There were significant racial differences between Asian and Caucasian populations in IL6 gene promoter region polymorphisms, and the allele C at the IL6-572G/C locus has been frequently observed in East Asian populations.52–54 Generally, the darker the skin color, the higher the probability of incidence of vitiligo. The difference between populations at two loci may be involved. The −572G/C is the most common polymorphic site in the IL6 promoter region, and we found that this site can result in an overproduction of IL6 and promote vitiligo development.55,56 Singh et al49 showed that the IL6-572G/C polymorphism was associated with vitiligo susceptibility in the Gujarat population and had a reduced risk of vitiligo in individuals with GC+CC genotypes compared with GG genotype (p < 0.05). Aydıngöz et al found no correlation between the IL6-174G/C polymorphism and vitiligo in Turkish population.57 In our study, we observed that the CG+GG genotype and G allele appeared more frequently among vitiligo patients, whereas the G allele carriers showed a 1.718-fold higher risk for vitiligo development compared with C allele carriers. In addition, we found no potential genetic association between IL6rs1800796 and clinical features in patients with vitiligo.

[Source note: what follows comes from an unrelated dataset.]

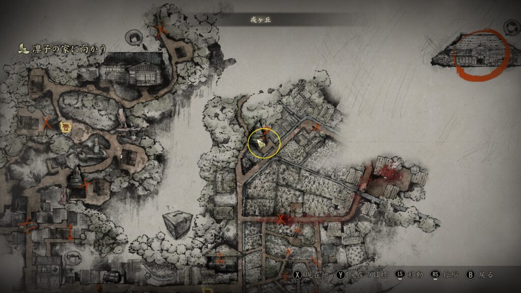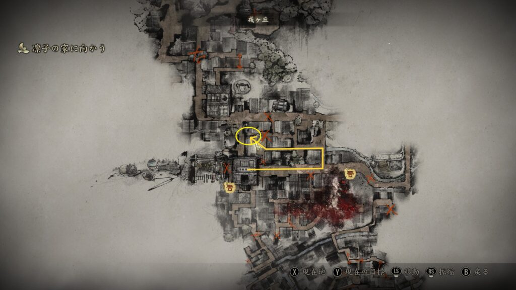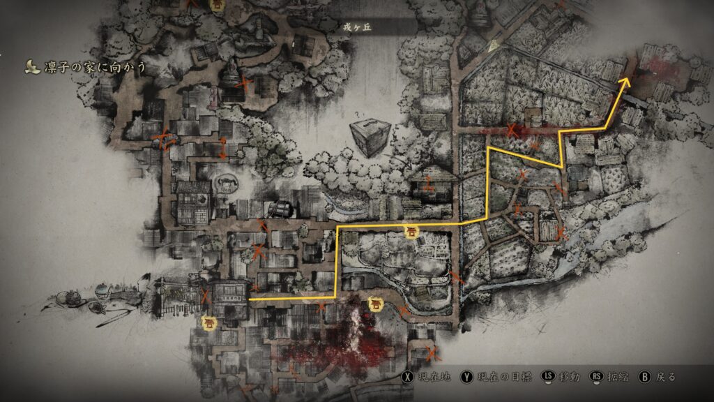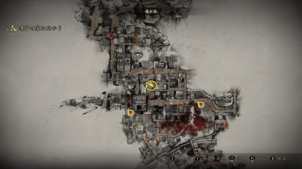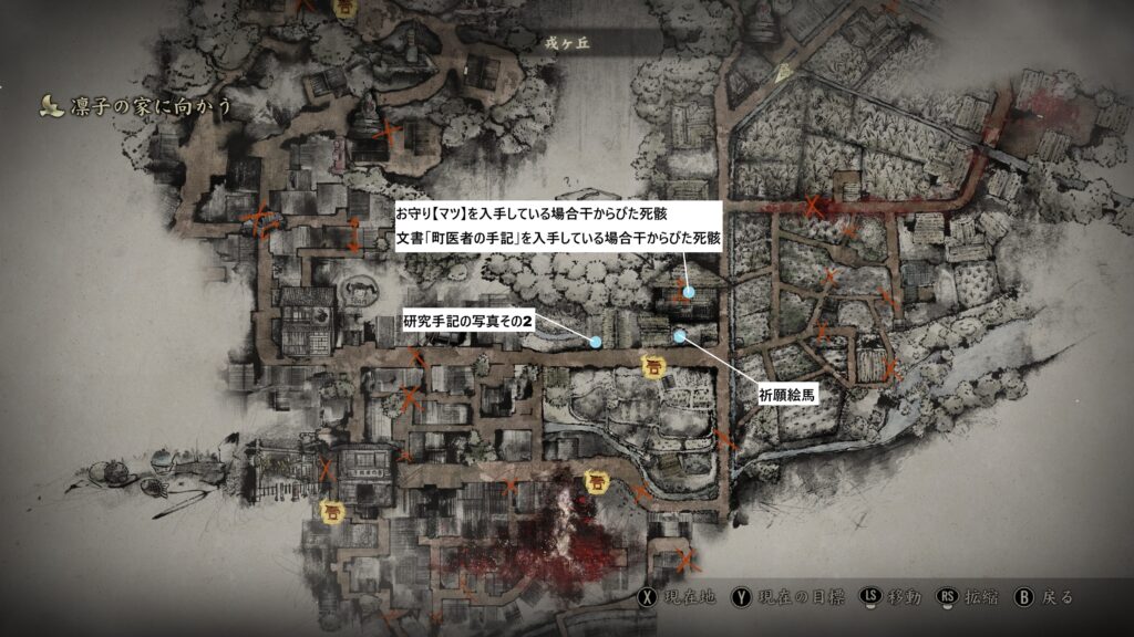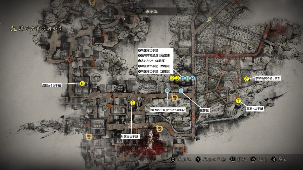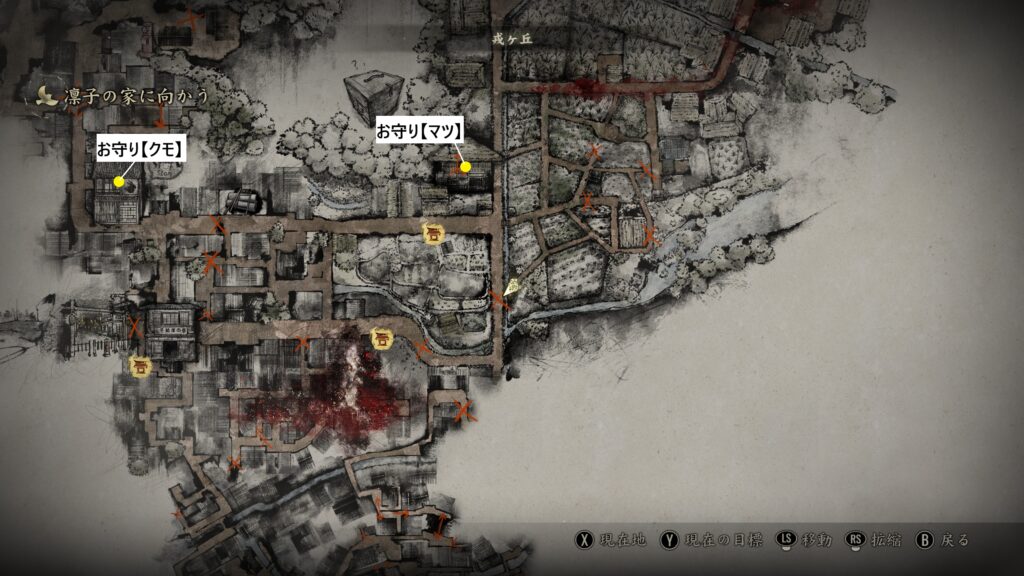 凛子の家はMAP北東に進むイメージだが上記画像のルートの先で「肩掛け鞄」を入手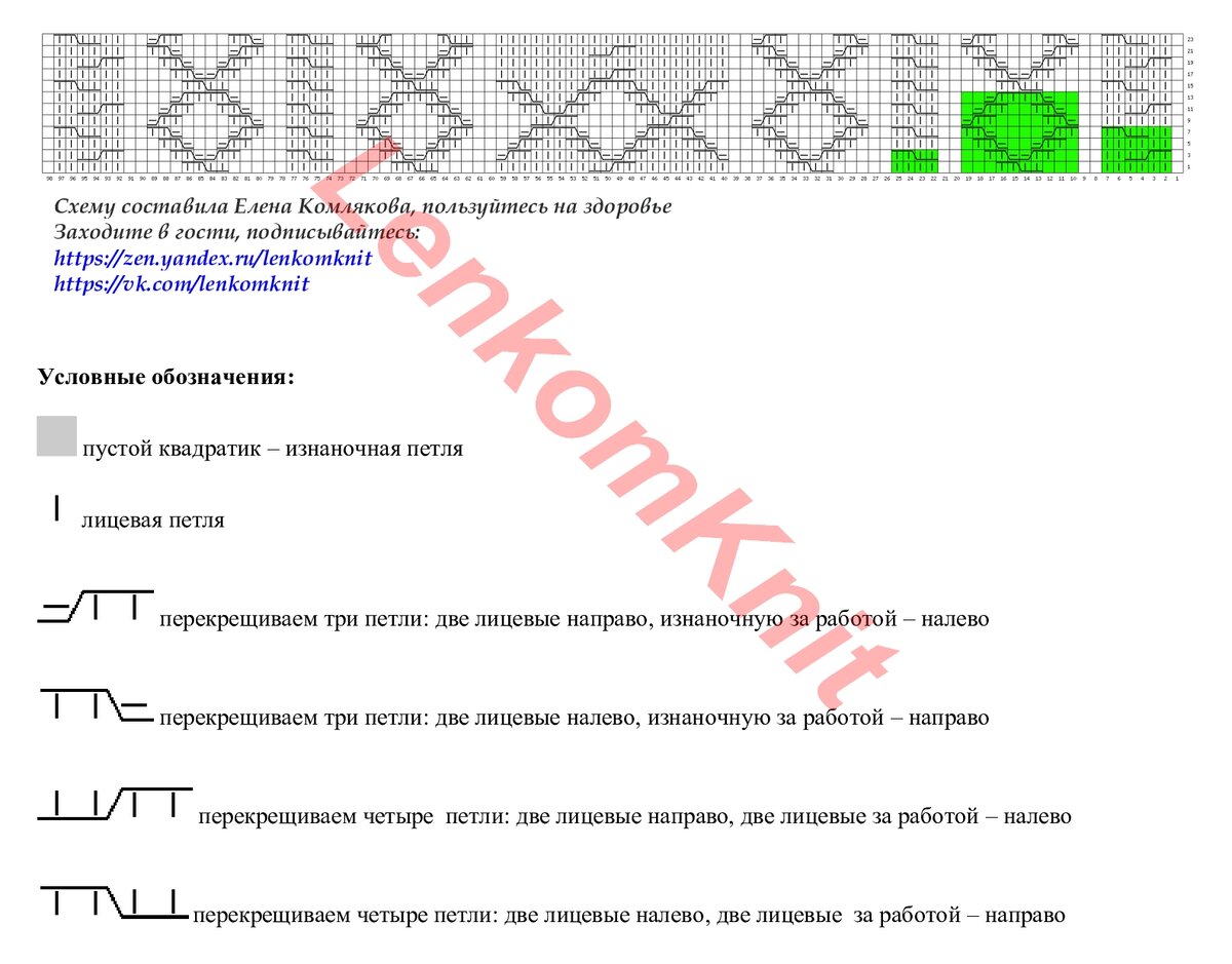 На рисунке – схема узора с условными обозначениями. Центральный узор – раппорт нарисован в высоту и ширину полностью. Для остальных узоров раппорт выделен контрастным цветом.

There were certain limitations in the current study. The smaller sample size in the investigation made the negative results less convincing. We did not further verify the correlation between variant genotypes and protein transcription levels due to the high cost of the experiment. Furthermore, we investigated only one polymorphism from each of the three genes and had a relatively small sample size. Therefore, confirming the genetic effects of multiple polymorphisms in MIF, IFIH1, and IL6 need to be further investigation.

Conclusion

The present study indicated that the IFIH1 H843R and IL6-572G/C polymorphisms play a role in NSV susceptibility in the Chinese population, and the significantly high prevalence of these two polymorphisms was observed in NSV. The H843R C allele may be associated with the incidence of vitiligo in youth (≤ 20 years old), active or family history groups. However, no statistical significance was observed between the MIF-173G/C polymorphism and NSV, which contradicts previous finding in other populations. The −173C allele may be associated with vitiligo incidence in the active NSV group in Chinese population. Moreover, the serum concentrations of MIF is associated with active NSV, and the serum IFIH1 and IL6 concentrations were related to the presence of polymorphisms in patients with NSV. Further investigation with a larger sample size and different ethnic groups is required to verify the results.